BEGIN SOURCE MATERIAL

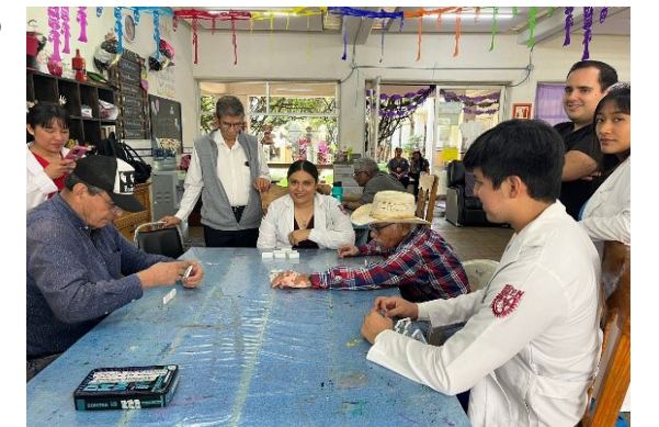
Seminario " Abordaje interdisciplinario con perspectiva de género del paciente geriátrico en estomatología".
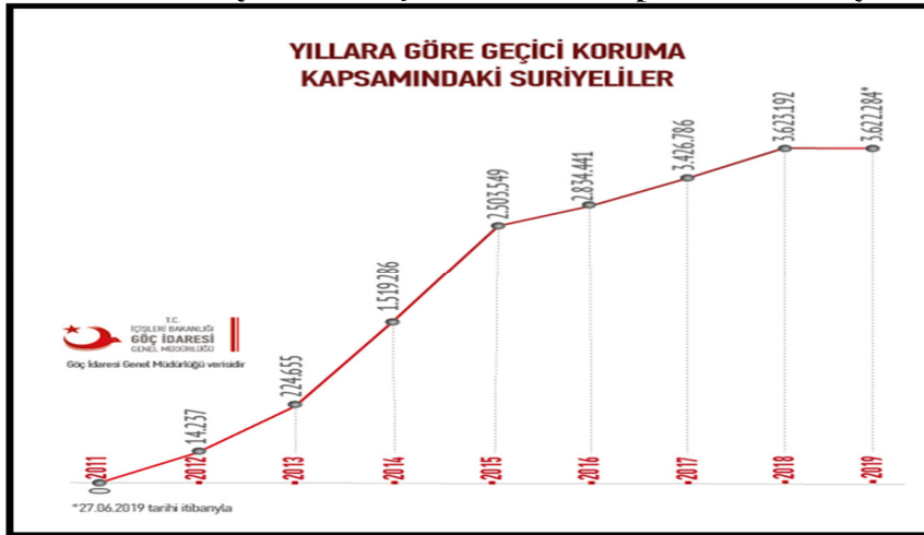
Grafik 1: Türkiye'deki Geçici Koruma Kapsamında Suriyeliler
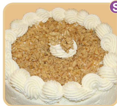
Nuez o almendra

Bizcocho de amapola con remojado de naranja, relleno con manjar y crema chantillí.
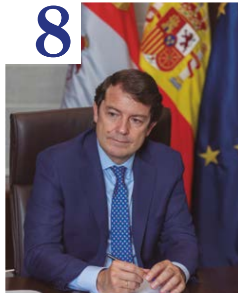
ALFONSO FERNÁNDEZ MAÑUECO
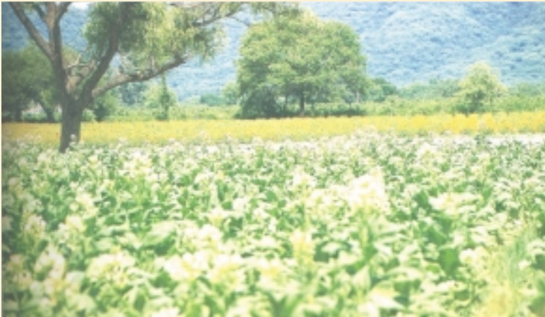
Plantación de Tabaco Pcia. de Jujuy
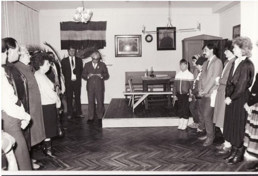
33. kép A körök történetét bemutató kiállítás megnyitója 1988. március 15-én a helyi Művelődési Házban.
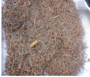
Gambar 2. Pewarna alami dan motif batik berbahan baku mangrove

(2) Aspek motif dan corak batik yang dihasilkan. Dalam kegiatan ini dikembangkan motif dan corak batik mangrove. Adanya variasi motif dan corak dengan latar belakang ekosistem mangrove diharapkan akan lebih mengenalkan ekosistem mangrove yang banyak terdapat di wilayah pesisir. Motif dan corak berlatar belakang mangrove dapat berasal dari pewarna alami limbah mangrove. Motif dan corak batik ini juga dapat mengenalkan flora maupun fauna ekosistem mangrove yang terdiri dari ikan, kepiting, burung dan berbagai jenis tumbuhan yang ada di ekosistem mangrove. Adanya pemberian pelatihan motif batik mangrove yang mempunyai nilai jual tinggi, diharapkan dapat menambah variasi dan motif batik dari mitra binaan yang harapannya akan menambah nilai jual batik yang sudah dihasilkan.
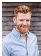
Ernst Christ Maler- und Gipserunternehmer- verband des Kantons Solothurn
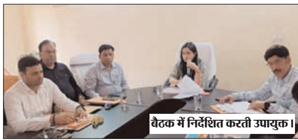
बैठक में निर्देशित करती उपायुक्त।

लेते हुए आवश्यक व उचित दिशा निर्देश दिया गया। इस दौरान उपायुक्त ने मनिका प्रखंड के सभी पंचायतों में चल रहे कार्य प्रगति की क्रमवार जानकारी ली और लक्ष्य के अनुरूप कार्य करने को कहा। इस दौरान बिरसा हरित ग्राम योजना के तहत अब तक मनिका प्रखंड अंतर्गत कार्यान्वित की गई प्रगति की समीक्षा करते हुए लक्ष्य की शत-प्रतिशत उपलब्धि प्राप्त करने का निर्देश दिया गया। वीर शहीद पोटा हो खेल विकास योजना की समीक्षा के क्रम में पाया गया कि योजना के तहत दो चरण (फेज) में मनिका प्रखंड में कुल 52 खेल मैदानों के विकास का लक्ष्य प्राप्त है। जिसके विरुद्ध 16 को पूर्ण कर लिया गया है। इस पर उपायुक्त द्वारा रोप प्रकट करते हुए प्रखंड विकास पदाधिकारी मनिका को निर्देशित करते हुए कहा गया कि राज्य
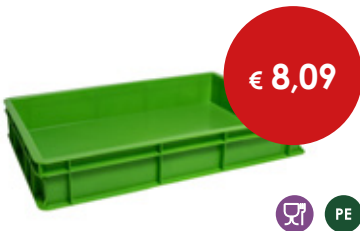
Cassetta pizza verde
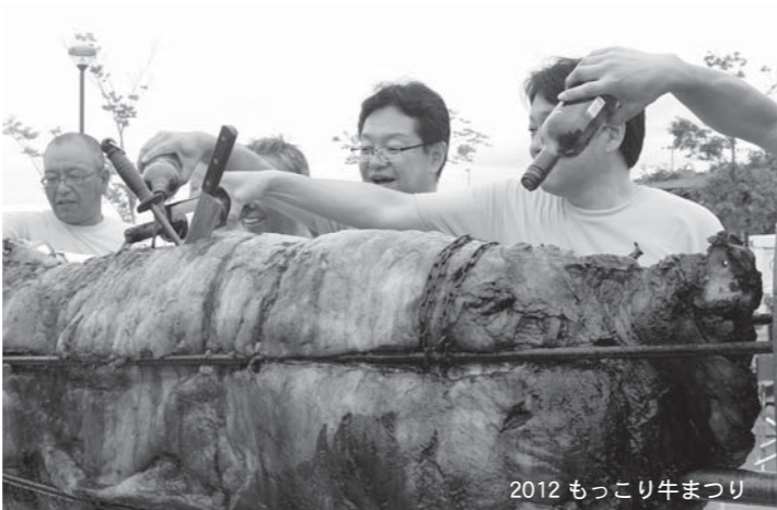
2012 もっこり牛まつり

END SOURCE MATERIAL

### [YOUR GOAL]
In the answer, give only the lines from the top of the data above through the line with "Gambar 2. Pewarna", reproduced exactly; no picture may appear.

### [SOLVED PROBLEM]
Seminario " Abordaje interdisciplinario con perspectiva de género del paciente geriátrico en estomatología".
Grafik 1: Türkiye'deki Geçici Koruma Kapsamında Suriyeliler
Nuez o almendra

Bizcocho de amapola con remojado de naranja, relleno con manjar y crema chantillí.
ALFONSO FERNÁNDEZ MAÑUECO
Plantación de Tabaco Pcia. de Jujuy
33. kép A körök történetét bemutató kiállítás megnyitója 1988. március 15-én a helyi Művelődési Házban.
Gambar 2. Pewarna alami dan motif batik berbahan baku mangrove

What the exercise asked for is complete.